▶ [Your assignment]
Write out the listing below in full and exactly, leaving out every picture.

▶ [Information supplied]

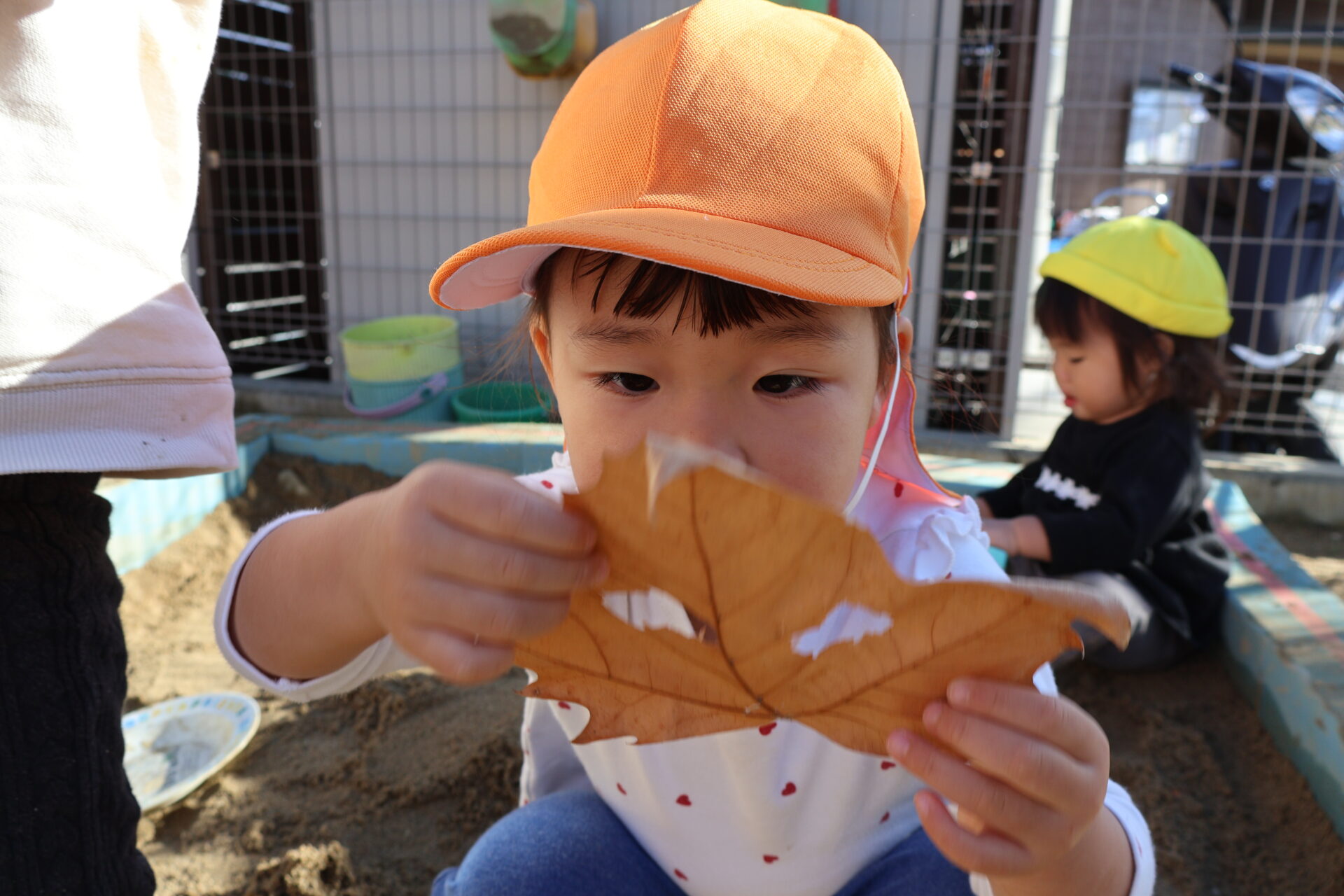 保育者が作った葉っぱのお面を不思議そうに見ています。
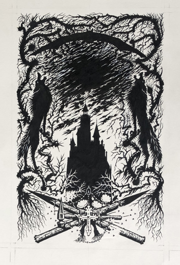 Black ink on Fabriano Artistico handmade watercolour paper. Size of image: 25 x 16 cm. Size of sheet: 40 x 30 cm.
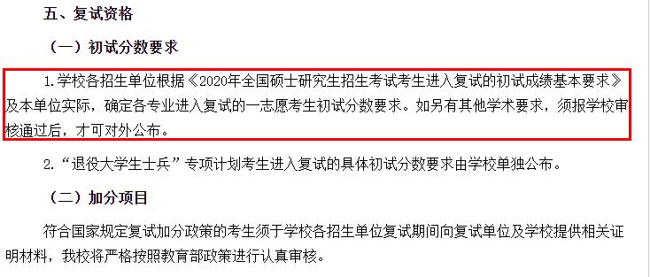 2020年全國碩士研究生招生考試考生進入復試的初試成績基本要求(專業學位類)A類175/44/88

▶ [Answer for the task]
 保育者が作った葉っぱのお面を不思議そうに見ています。
 Black ink on Fabriano Artistico handmade watercolour paper. Size of image: 25 x 16 cm. Size of sheet: 40 x 30 cm.
 2020年全國碩士研究生招生考試考生進入復試的初試成績基本要求(專業學位類)A類175/44/88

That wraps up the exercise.